La peste ou le choléra
Dans l'immédiat, le recours n'étant pas suspensif, les producteurs de betteraves peuvent donc recourir à des semences enrobées de néonicotinoïdes du 15 février au 14 juin. Du côté des betteraviers, on précise que cette dérogation est assortie de mesures contraignantes pour les agriculteurs. "Si l'on ne pouvait pas traiter les attaques de pucerons avec ces néonicotinoïdes, il faudrait recourir à d'autres pesticides, ce qui reviendrait à remplacer la peste par le choléra", souligne Jean-Luc Claes, responsable du département légal à la Raffinerie Tirlemontoise.
Du côté des betteraviers, on insiste sur la nécessité de prendre des mesures préventives pour éviter les attaques de pucerons porteurs de la jaunisse des betteraves. "La sécheresse de l'an dernier a finalement empêché la prolifération de pucerons. Mais si les conditions météo leur sont favorables, planter des betteraves sans recourir dans certains cas à des néonicotinoïdes reviendra à jouer à la roulette russe", souligne Peter Haegeman, secrétaire général de la Confédération des betteraviers belges.
30% de la surface
Lors de la campagne précédente, environ 30% de la surface cultivée en betteraves - 20.000 hectares sur un total de 65.000 - avait été semée avec des semences enrobées de néonicotinoïdes. Pour la Confédération des betteraviers, c'est "la façon la moins nocive" de protéger la betterave. "Le climat belge nous rend très vulnérables à la jaunisse virale, ce qui n'est pas le cas de la France ou des Pays-Bas", souligne Peter Haegeman.

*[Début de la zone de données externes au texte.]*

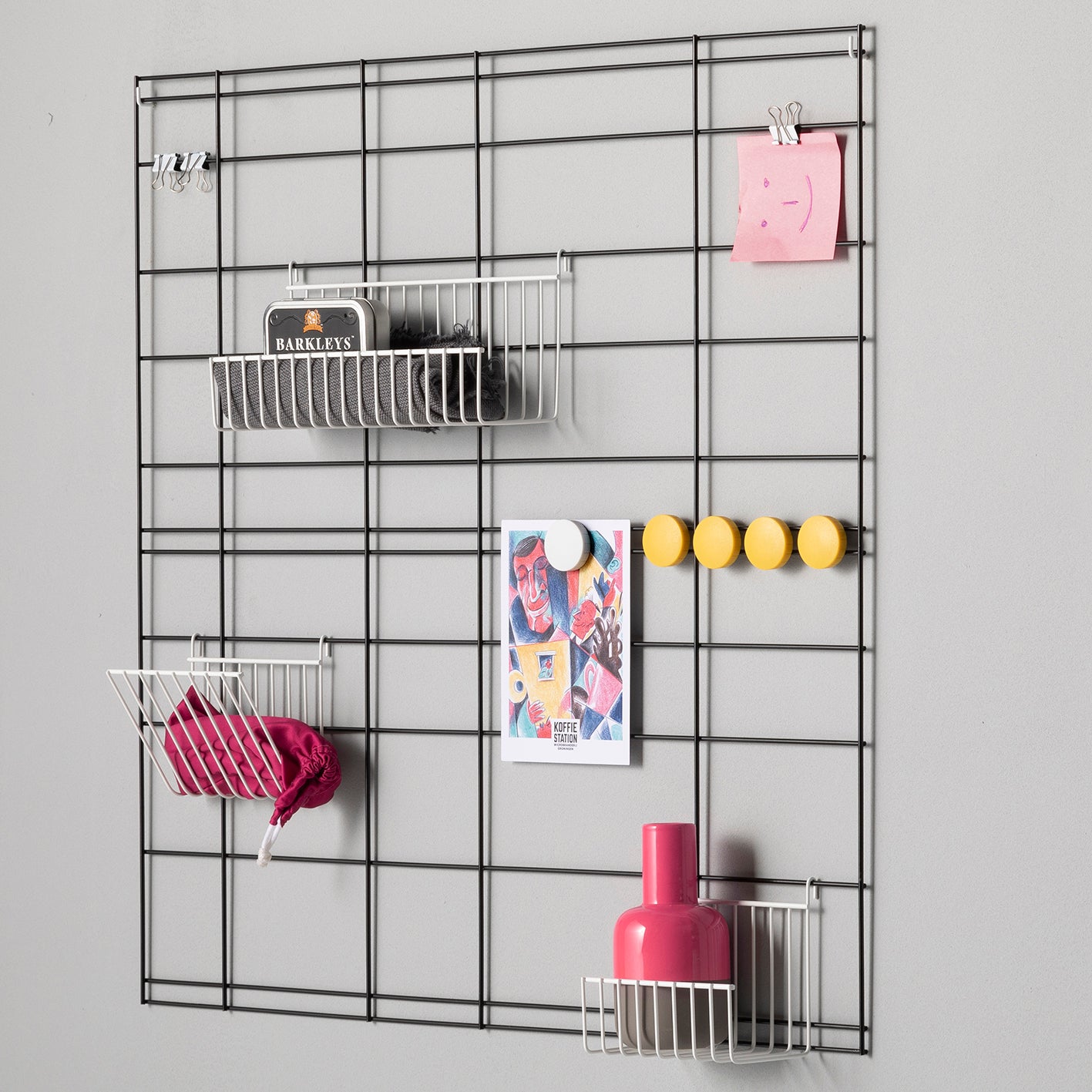 Het wandrek is naar wens samen te stellen door een keuze te maken uit het aantal magneten en het aantal papierklemmen en de kleur daarvan en eventueel voor bevestigingsmateriaal te kiezen.

Du côté des défenseurs de l'environnement, on mise désormais sur une impulsion politique pour mettre un terme aux dérogations, qui, "par définition", doivent avoir un caractère exceptionnel. "En l'octroyant pour la deuxième année consécutive, on n'en fait plus une exception", souligne Martin Dermine, apiculteur et expert chez PAN Europe.

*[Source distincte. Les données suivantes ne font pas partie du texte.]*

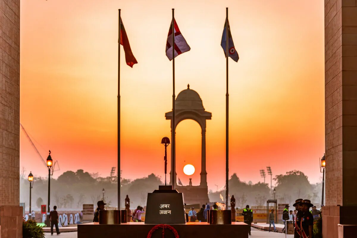 - شاهد إضاءة بوابة الهند عند حلول الليل، حيث تُضاء البوابة بشكل مبهر، بينما تقدم النوافير القريبة عرضًا متلألئًا بالأضواء الملونة.
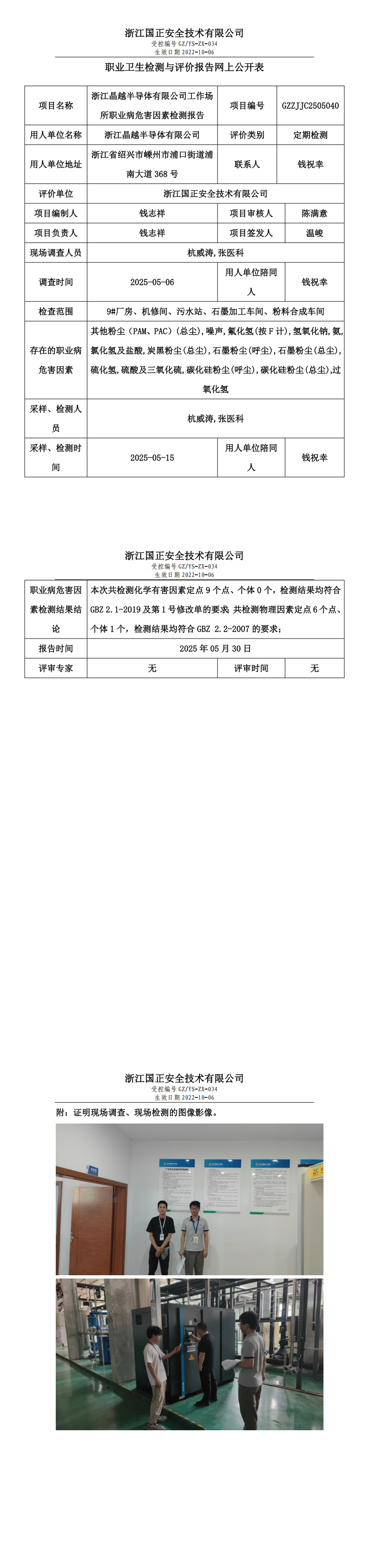 GZZJJC2505040_浙江晶越半导体有限公司工作场所职业病危害因素检测报告网上公开信息表

Celui-ci fonde ses espoirs sur l'avertissement voilé lancé par le SPF Santé publique. Sur son site dédié aux produits phytopharmaceutiques, le Comité d’agréation des pesticides à usage agricole prédit que les "exigences d'autorisation de plus en plus strictes" risquent de rendre impossible de renouveler une telle dérogation l'an prochain.